In actual fact, the D.C. Circuit is actually so overloaded with cases — its heavy policy load makes its docket especially technically demanding — that it has leaned on a panel of retired judges to hear its overflow cases. The Journal amusingly presents this as a point against new judges: “The D.C. Circuit already has six judges on senior status who sit on cases,” the Journal tells us. “Senior judges hear cases in regular rotation like nonsenior judges, and some of them (such as Stephen Williams) carry near-regular caseloads.”
The retired judges hearing the cases all happen to be Republican, but this has nothing to do with the Journal’s preference for keeping them on the job rather than letting Obama fill the vacancies. The work keeps them young. Without it, they would sit at home and wait for the grandchildren to call. Doesn’t Obama recognize the medical dangers of loneliness?

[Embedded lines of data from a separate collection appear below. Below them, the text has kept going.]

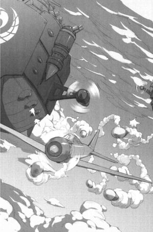 El mensaje codificado obviamente había sido roto. El enemigo yacía a la espera de la santa cruz. A su alrededor, aeronaves que llevaban el emblema del Amatsukami descendieron, atravesando la nube. Los gigantescos aviones con forma de insecto de patata reflejaban la luz del sol y rebotaban en sus cuerpos de color gris claro.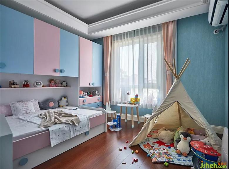 ▲儿童房色彩鲜明活泼,温馨而梦幻,既是孩子的美梦空间,又是玩乐的小天地。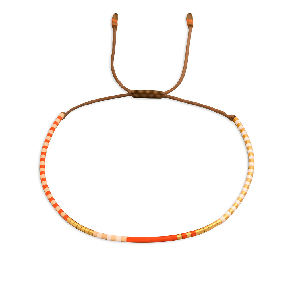 Playful and chic, the Cory Bracelet adds a burst of color to your wrist stack. Strung with dainty orange, gold, and white beads, it brings a bright and fun touch to any outfit—whether paired with casual tees or dressed-up looks. Designed on a sturdy adjustable nylon cord, it’s as durable as it is stylish, making it a cute everyday favorite and a thoughtful gift.

The central contention of the Journal editorial is that, since the court so obviously doesn’t need any new judges, Obama’s apparent intention to nominate new candidates to fill the vacancies is a plan to pack the court. “Packing the D.C. Circuit” is actually the headline on the Journal’s most recent editorial. The phrase “court-packing” originally applied to Franklin Roosevelt’s plan to add more seats to the Supreme Court, which he could fill with his own nominees. The Journal has decided to apply it to a plan to fill existing vacancies. You might think it applies more accurately to the Republican plan to eliminate three seats — after all, the essential thing about court-packing is changing the number of seats on a court to give your own side a partisan advantage. But no. The Journal thinks that move “makes sense.”

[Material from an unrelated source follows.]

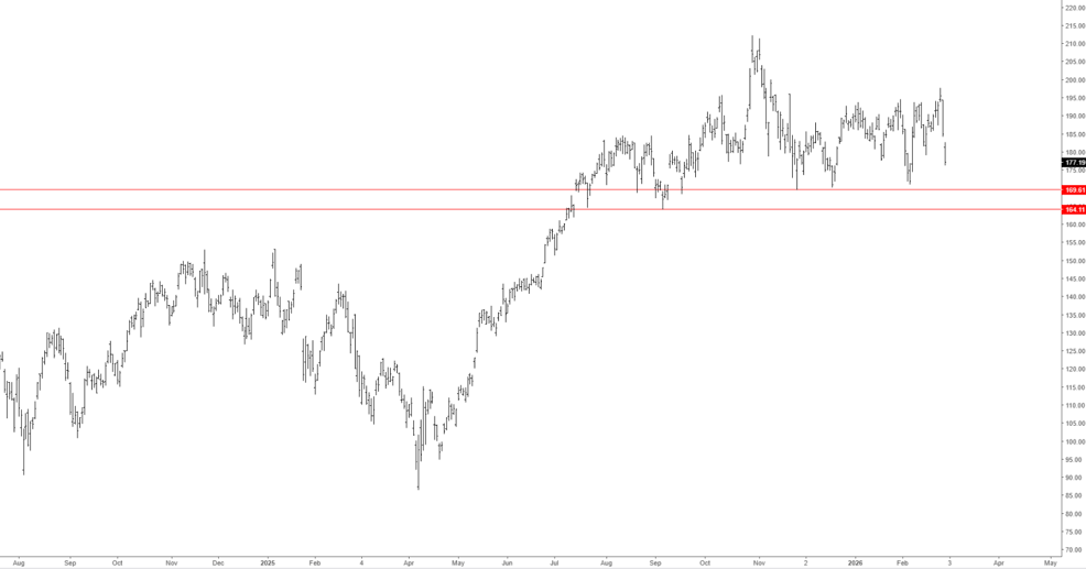 La scorsa settimana gli indici americani hanno chiuso in ribasso, con il Nasdaq che ha perso un punto percentuale, seguendo la discesa di NVIDIA, che ha chiuso a 177 dollari nonostante una trimestrale migliore delle attese (grafico in basso). Il titolo rimane comunque sopra l’area di supporto.

The Republicans don’t have the votes to actually pass their plan to eliminate all vacancies. Its function is to serve as justification for filibustering any nominees at all, however moderate or well qualified, for the remaining three vacancies. These are the battle lines forming for what appears to be a major partisan war this summer: Republicans insisting not only that they need not approve vacancies in the D.C. Circuit but that Obama’s attempt to fill them represents a kind of tyranny, and Democrats threatening to limit the filibuster as a routine weapon to obstruct appointments. Many things depend on the outcome of this fight, but the prospect for limiting climate change is surely the biggest.